El yayo Vicente “llora como un niño pequeño / lo que
no ha cuidado vivo”
“La vida no tiene piedad de nadie” con un verso final: “me sé
amada por el hecho de ser”
“Ya hace casi cuarenta años / que mi cadáver se
pudre / en un gemido sordo de miedo”
“que yo no quiero ser madre, / yo solo quiero ser abuela”
En
‘Fraggle rock’, un desfile de situaciones de niñas y niños suicidas, frágiles,
deprimidos, poetas, terroristas, de arcilla y barro, la ágil bambina ‘que habla en inglés / con deje americano” hasta el niño de
cabellos de seda natural y trigo, y hasta ‘la
niña cíngara / que ya sabe lo que es / una herida de verdad, / un triste adiós
para siempre / que nos hace del todo conscientes / de lo que somos y seremos’.
En
‘Entornos’, este verso final: ‘Tu regazo es el país de donde yo vengo’.
‘Los libros y las palabras me vuelven / a situar cerca de ti’.
Y
casi al final, un doble aprendizaje: el de la liturgia de cómo cocinar una
paella, símbolo y referente de toda una ‘tribu’, y
‘he descubierto el olor del aire’.
Cierro
esta ‘lata perorata’, diciendo que la lectura de este libro contagiará a la
lectora, e incluso al lector, de una sensibilidad más llena de amor y
reconocimiento hacia las mujeres mayores de nuestra vida, y de nuestro entorno.
Y, a la vez, aprenderemos a amar una lección básica:
‘la muerte nos deja este momento inédito’.

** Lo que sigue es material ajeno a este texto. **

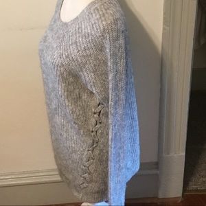 Cynthia Rowley women’s sweater is crafted from a cozy wool blend (45% acrylic, 30% wool, 25% nylon) in a soft heather gray knit. Features a classic crew neckline, long sleeves, and ribbed detailing at the cuffs and hem. Medium weight, warm, and versatile for layering.
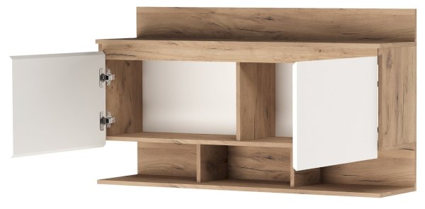 Крепится к стене через навесные элементы. Для удобства открывания и удержания фасада в открытом положении устанавливаются газлифты. Применение интегрированной ручки на фасадах делает модель стильной и безопасной – дверцы открываются за профилированные выступы. Фасады обработаны кромкой 1 мм.

Nos lo recordaba Horacio: Pictoribus atque poetis semper fuit audendi
potestas. Lección antigua, cargada de sentido de humildad de quien sabe que
la palabra escrita también bebe del movimiento, del color, de la imagen, de la
línea y del punto en el espacio, como nos enseñaba Kandinski. En el poemario Ausencia una artista gráfica muy joven
–hace poco que ha traspasado el límite de los veinte años, que vive en Nueva
York, con padre de los EE.UU. y madre filipina, bailarina y estudiante en la
Universidad de Yale, se ha sumado a la fiesta poética de una mujer joven de
Xàtiva. Y no se trata, en ningún caso, de propuestas gráficas ajenas a los
poemas. Si supiera una pizca de psicoanálisis, diría que Luna Beller-Tadiar ha
hecho suyos los poemas y ha esbozado una serie de interpretaciones oníricas. Me
sorprenden las manos, nada estáticas, y los contrapuntos de sombra que no ceden
nunca a la tentación del negro impenetrable. O el apunte de un cuerpo en cuyo
interior la luna es aún tímida y el paisaje explica por qué la poeta ha
escrito: ‘me aferro al tabique de la
memoria’. Y las referencias al mar (¿o quizás la mar?), con horizontes. Y
el tren, tan antiguo como la añoranza, que observan, cálidamente, dos siluetas
femeninas jóvenes.
Antes
de cerrar del todo la puerta, la referencia a un poeta menorquín, Ponç Pons,
que admiro de verdad. Y es que leía, con lápiz en la mano, su poemario Camp de Bard, justo el día que había
leído por primera vez este poemario de Begoña Chorques. No puedo evitar
reproducir, como si fuera un brindis con cava brut-nature, estos versos de Ponç
Pons:
‘L’escriptura que em cus feta vers les ferides / té
el ressò d’altres veus i el color d’altres vides’.[1] Así como los versos finales del poema ‘A la poesia’: ‘Més que d’on hem nascut / som del lloc que
estimam / i, lectors agraïts / que tenim el que dam, / fem diversos un sol / gran
poema on no hi ha / més pàtria que la vida’.[2]
¡A
vuestra salud, amiga y amigo heridos por el don de la poesía!
Ignasi Riera i Gassiot
Madrid, noviembre de 2017
Traducción del prólogo de la edición de octubre de 2018 (Ed. Círculo Rojo)
[1] ‘La escritura que me cose hecha verso las heridas /
tiene el eco de otras voces y el color de otras vidas’.
[2] ‘Más que de donde hemos nacido / somos del lugar que
amamos / y, lectores agradecidos / que tenemos lo que damos, / hacemos diversos
un solo / gran poema donde no hay / más patria que la vida’.